Jamf (JAMF) Q3 FY2021 Highlights:
- Revenue: $95.6 million vs analyst estimates of $93.7 million (2.01% beat)
- EPS (non-GAAP): $0.01 vs analyst estimates of $0.01
- Revenue guidance for Q4 2021 is $100 million at the midpoint, above analyst estimates of $98.8 million
- Gross Margin (GAAP): 72.3%, down from 78.3% same quarter last year
Founded in 2002 by Zach Halmstad and Chip Pearson, right around the time when Apple began to dominate the personal computing market, Jamf (NASDAQ:JAMF) provides software for companies to manage Apple devices such as Macs, iPads, and iPhones.
Apple is known for making user-friendly computing devices and it is not surprising that the demand for its products has grown over the years. As their adoption became widespread across the business and education world, so did the need to manage these devices at scale. Keeping hundreds and thousands of devices up-to-date, with all the necessary apps installed and required level of security enforced can be really time consuming, and if it was to be done manually it would require a large number of IT technicians.
Jamf’s software provides the IT department with an online dashboard where they can see the status of every device, and remotely install updates, apps and security fixes.

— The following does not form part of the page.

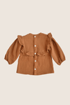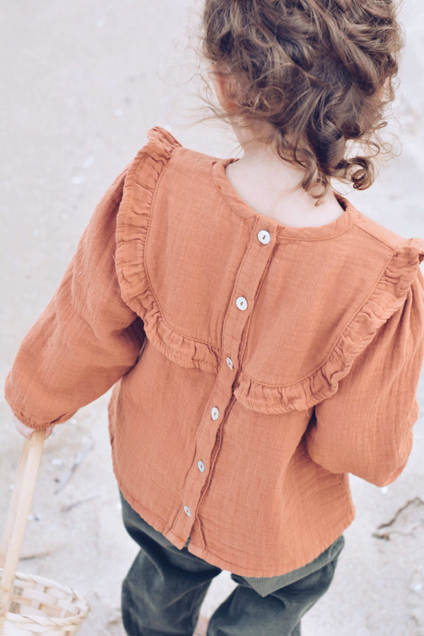 100% cotton muslin blouse with ruffled details, and mother-of-pearl buttons at the back.

By providing the tools to make the process of managing Apple products simple and easy, Jamf drives productivity within organizations and also frees up more IT resources that could be deployed to tackle more important problems.
For example, when a public school needed to shift to remote learning, Jamf helped to deploy thousands of iPads and Macs to its students. Instead of the school’s IT team spending weeks manually setting up every device, using Jamf they were able to create a software package and automatically install it on every device within a few hours. It connected students without access to the internet to WiFi hotspots provided by the school, installed remote collaboration apps and provided the students with access to learning materials, ensuring that they were able to continue learning remotely without an interruption.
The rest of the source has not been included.